Many international business disputes are submitted to arbitration. The course familiarises students with the role and function of international arbitration, including i) the selection of arbitrators, ii) the conduct of arbitration proceedings, iii) the organization of hearings, iv) and enforcement of arbitral awards.
Europa Institute Steenschuur 25 2311 ES Leiden Phone: 071-527 7760 Website: www.europainstituut.nl Sheena Bruce, firstname.lastname@example.org Phone: +31 (0)71 527 7821
Mr. Brooks W. Daly
The primary objective of this course is to familiarize students with international arbitration. This is done through discussions on when and why arbitration is an appropriate method of dispute resolution, on the selection of an appropriate arbitration regime, and on how to draft an effective arbitration clause. Another objective of this course is to discuss arbitral procedure including, but not limited to, the method by which arbitrators are appointed, interim measures, witness testimony, and the use of experts.
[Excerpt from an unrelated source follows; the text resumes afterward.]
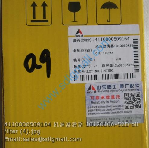 4110000509164 oil filter 1012010A-52D for SDLG spare parts

The following achievement levels apply with regard to the course:
Knowledge and comprehension:
Understanding the differences between arbitration and other methods of dispute resolution
Studying the basic requirements for an effective arbitration clause and identifying categories of disputes which cannot be arbitrated
Analysing common procedural questions which arise in arbitral proceedings
Acquiring knowledge about the methods of enforcing awards and oversight over the arbitral process
Gaining insight into common problems with arbitration clauses and how these can be avoided. Students have an opportunity to apply these skills in an unmarked class assignment on drafting an arbitration clause
Using the knowledge and experience gained in the course in studying the issues raised by the mock arbitration
Using the knowledge and experience gained in the course to respond to essay questions on the final examination
Students are able to analyse the effectiveness of arbitral clauses, develop arguments on points of arbitral procedure, and comment on the method by which awards can be enforced
Students are able to discuss their views in the interactive lectures on the prescribed readings
Students are able to present their legal analysis and findings on a specific factual matrix in the mock arbitration
Mode of Instruction:
Students are expected to attend 12 interactive lectures during the course of 6 weeks. Two lectures near the end of the course will allow students to demonstrate their knowledge by taking part in a mock arbitration hearing at the Peace Palace in The Hague.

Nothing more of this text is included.